[英]Is there a way to multiply the values in two columns while grouping by values in third column using pandas?
So I'm trying to avoid using a loop while calculating the mean of the weighted grades in each of these courses.因此,在计算每门课程的加权成绩平均值时,我试图避免使用循环。
I just can't wrap my head around what to do.我只是不知道该怎么做。 I assume I can use groupby and perform the appropriate calcualtions?

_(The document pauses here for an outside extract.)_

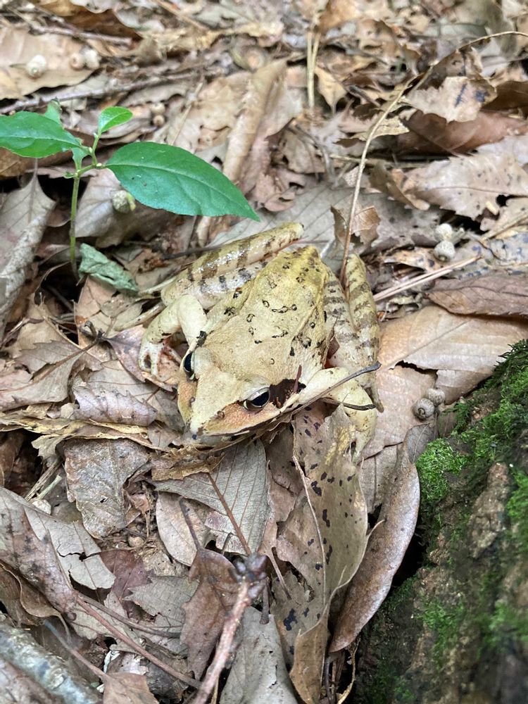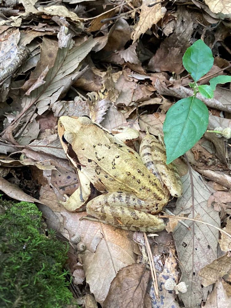 枯葉に隠れたカエルちゃんは🍂🐸🍂

我假设我可以使用 groupby 并执行适当的计算?
This is the dataframe:这是 dataframe:
data =
mark weight course_id
78 10 1
87 40 1
15 50 1
78 90 3
40 10 3
This is the desired result:这是期望的结果:
result=
course_id course_average
1 50.1
3 74.2
This is one way to go about it:这是 go 关于它的一种方法:
(df.assign(course_average=df.mark * df.weight)
.groupby("course_id")
.pipe(lambda x: x.course_average.sum().div(x.weight.sum()))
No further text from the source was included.